Chapter 7

49 7 0
                                    


Di kediaman panti, Kale berdiri tegap menunggu bu Patriya membukakan pintu untuknya. Ia berdiri tidak cukup lama, sebelum akhirnya knop pintu dibuka dari dalam, lalu Kale pun dipersilahkan masuk.

"Bagaimana keadaannya?" tanya Kale langsung pada topik utama kedatangannya kemari.

"Sekarang sudah lebih baik, hanya saja ia demam, dan sedang berdiam diri di kamarnya Pak." papar Bu Patriya, dapat Kale lihat dari sorot mata Patriya kalau ia sama khawatirnya dengan Aysel, sorot yang penuh keibuan itu membuat hati Kale seketika terenyuh.

"Bukan aku bermaksud lancang, tapi bolehkah aku menemuinya?" pinta Kale sopan.

Patriya nampak berpikir sejenak sebelum mengiyakan permintaan Kale.

Kale diantar oleh bu Patriya ke kamar Aysel, setelahnya wanita paruh baya itu meninggalkan Kale untuk memberi makan malam kepada anak panti asuhan tersebut.

Kale sudah mengetuk pintu kamar Aysel yang didominasi warna putih itu beberapa kali, namun tak ada respon apapun dari wanita yang kini sedang berbaring di ranjang, kepalanya pun tak menoleh sedikitpun.

"Aysel." panggil Kale, suaranya lembut persis seperti memanggil seorang anak kecil.

Aysel bergeming, Kale tak menyerah sampai situ, ia mendudukkan diri di samping ranjang dekat dengan Aysel, pria itu mulai menatap satu persatu luka yang sudah diperban oleh bu Patriya.

Dan sekali lagi Kale merasakan sakit di hatinya ketika Aysel menolehkan pandangannya, sorot yang baginya tak bisa dijelaskan dengan kata-kata.

Antara sakit, hancur, pedih, perih menjadi satu dalam sorot mata Aysel yang sangat dalam.

Bibirnya yang semula baik-baik saja kini pun terdapat lebam dan goresan di pipi sebelah kanan.

"Ay, aku di sini." ucap Kale lirih, ia merasa terluka melihat Aysel seperti ini, tapi tak tahu juga mengapa dia bisa sampai seterluka ini, padahal Aysel adalah orang baru bagi dirinya.

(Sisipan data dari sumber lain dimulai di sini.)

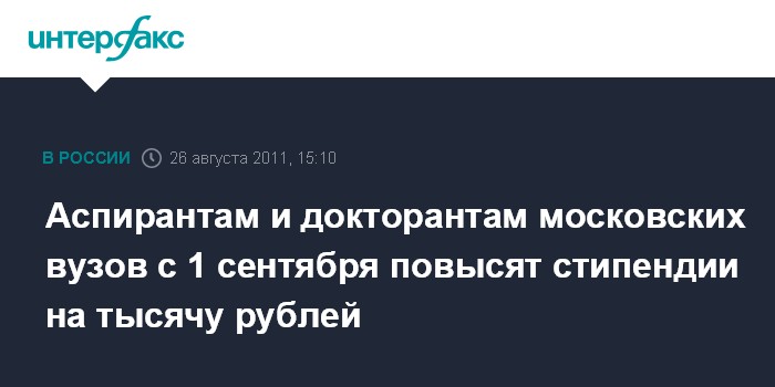 Аналогичное решение о повышении стипендий с 1 сентября 2011 года аспирантам и докторантам федеральных образовательных учреждений принято правительством РФ в конце прошлого года.
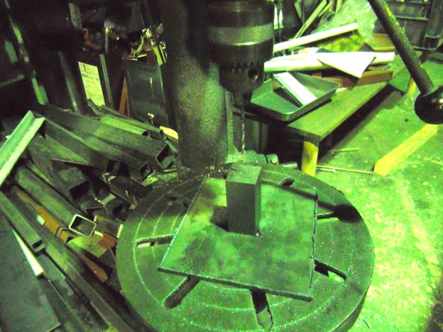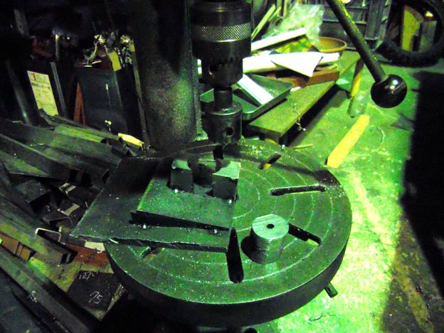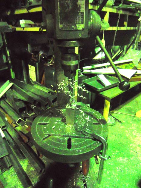本当は旋盤で開けた方が正確な位置に開けられるのですが、3つ爪チャックしかないため、四角い物は咥える事ができないのと、機械が非力なのでほぼ無理です。
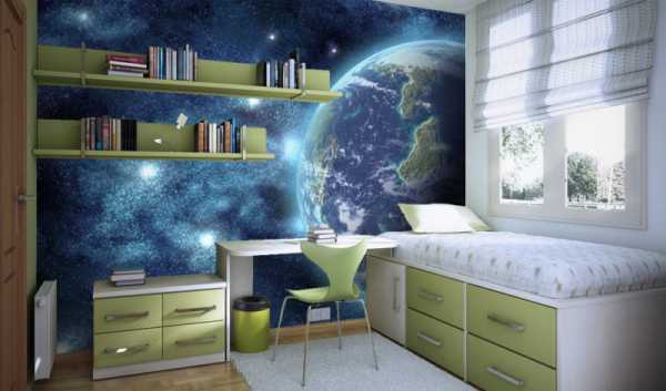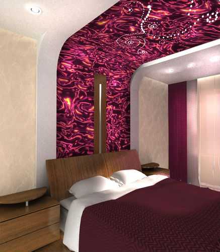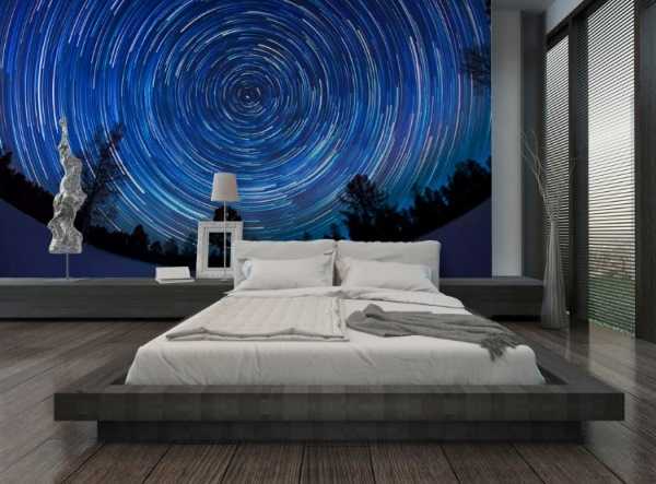 Отличный вариант оформления спальни – потолочные обои, повторяющие рисунок звездного неба, северное сияние или вид космических просторов. Более молодежным вариантом могут стать огни ночного города.
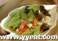 2、坐锅点火入油,至4成熟,放入葱姜末略炒至出香味,将上述主辅料放入锅中炒匀,加入盐、鸡精,炒至断生,再加入高汤,炒至入味后,水淀粉勾稀芡,淋香油即成。
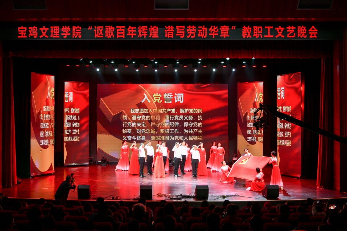 4月27日晚,beat365官网在高新校区博文楼报告厅举行了“讴歌百年辉煌 谱写劳动华章”教职工文艺晚会。校领导、教职员工、离退休老同志和学生700余人观看了演出。
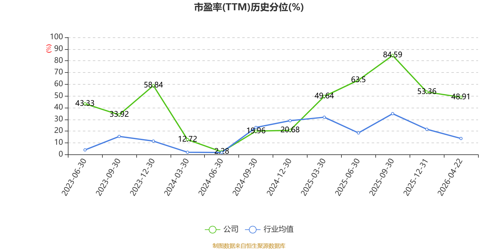 市盈率、市净率为负时,不显示当期分位数,会导致折线图中断。
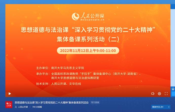 为深入学习贯彻党的二十大精神,推动党的创新理论最新成果融入高校“思想道德与法治课”的教学内容,2022年11月12日上午,买球体育官方网站思想道德与法治教研室全体教师在线参加了由南开大学买球体育官方网站主办、全国高校思政课教师“手拉手”集体备课中心南开大学思想道德与法治虚拟教研室承办的思想道德与法治课“深入学习贯彻党的二十大精神”集体备课会。会议分为两个主题,主题一由西南政法大学买球体育官方网站林峰副教授讲授“爱国主义的科学内涵及时代要求”,主题二由南开大学买球体育官方网站李星博士讲授“网络并非德外之地”。专家分别从这两个主题出发,将党的二十大精神融入思想道德与法治课程的教学内容中,并结合自己讲授思想道德与法治课程的教学工作分享了自己的教学经验。听完两位专家的主题交流之后,买球体育官方网站思想道德与法治教研室全体教师围绕思想道德与法治课专题教学、资源共享以及党的二十大精神融入课程教学设计等方面在线展开研讨和交流。
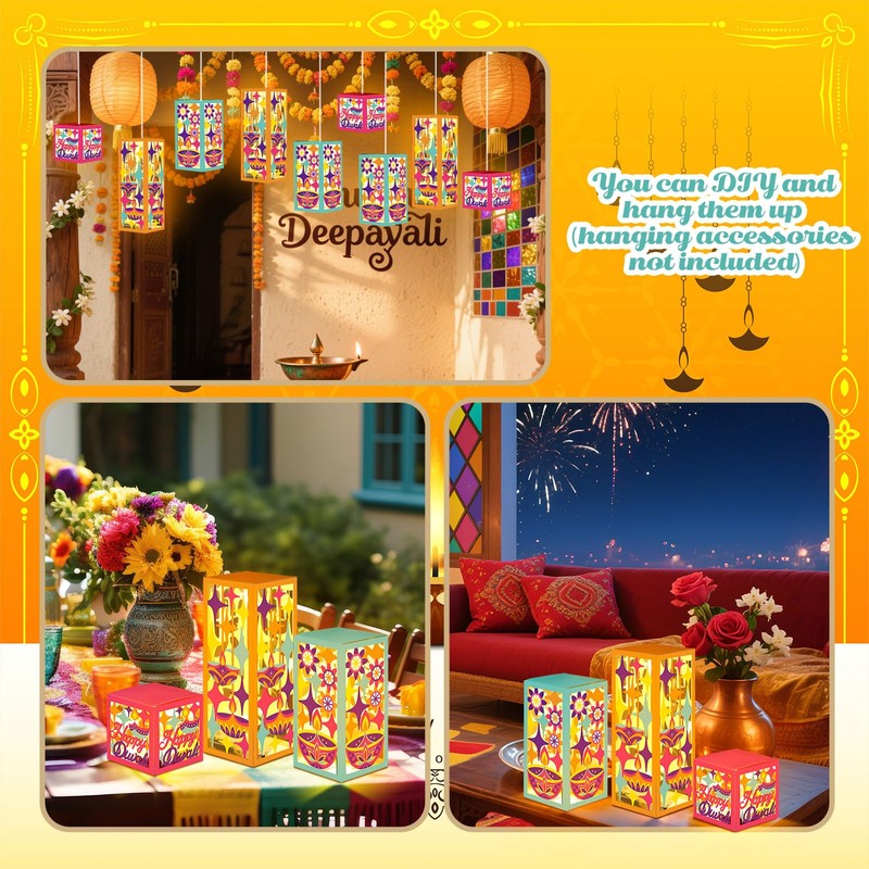 - LED Diwali Themed Designs: these happy Diwali table decorations incorporate ethnic elements such as oil lamps, colorful stars, stylized flowers, and "Happy Diwali", which symbolize the victory of light over darkness; Each decoration is equipped with LED lights and battery boxes, which are lit from the inside, creating a warm, lively and festive atmosphere, inviting people to celebrate and cherish traditions

Setelah tak ada respon apapun, Kale lagi-lagi terhenyak saat Aysel tiba-tiba meneteskan air mata, padahal wanita itu tadi tidak berkaca-kaca, bahkan tak ada genangan di pelupuk wanita itu.

Air mata yang sebening embun menetes begitu cepat, tanpa bicara tanpa menatap Kale, Aysel menumpahkan seluruh air matanya. Kale tampak khawatir dengan pandangan Aysel yang begitu kosong, pria itu mencoba untuk mendekat dan menepuk-nepuk punggung Aysel pelan. "Menangislah Ay, sesekali kamu harus menangis supaya lebih kuat." tutur Kale.

Aysel nampak menunjukkan pergerakan, wanita muda nan cantik itu menoleh, kemudian berhambur memeluk Kale cepat. Menumpahkan air mata dan Isak tangis di dada bidang Kale.

"Kamu itu kuat Ay, dan aku tahu itu."

Aysel memejamkan matanya rapat-rapat, mendengarkan untaian kata yang diucapkan Kale seksama. Kale melepaskan dekapan Aysel, ia menatap sendu wanita di hadapannya kini. Cepat-cepat Aysel mengusap kasar air matanya, kemudian turun dari ranjang dan duduk bersebelahan dengan Kale. "Aku hanya ingin hidup dengan tenang, jika mereka membenciku, maka biarkan. Asal tidak lagi menyakitiku. Ayah dan ibu sudah cukup memberiku luka, kenapa mereka juga memperlakukan aku seperti itu?"

Kale cukup terpana saat Aysel tidak menunjukkan gelagat aneh akan autismenya, wanita itu kini seperti wanita normal pada umumnya. "Ay, entah apa yang sudah kamu lakukan terhadapku. Tapi, aku akan berusaha untuk melindungimu." tegas Kale, mengusap surai Aysel.

"Meskipun aku tahu dunia akan menentangmu, aku akan berada di sana untuk melindungimu Ay."

"Kamu tidak harus melakukan itu Kal, Aysel tidak apa-apa. Aku sudah biasa dikasihani juga."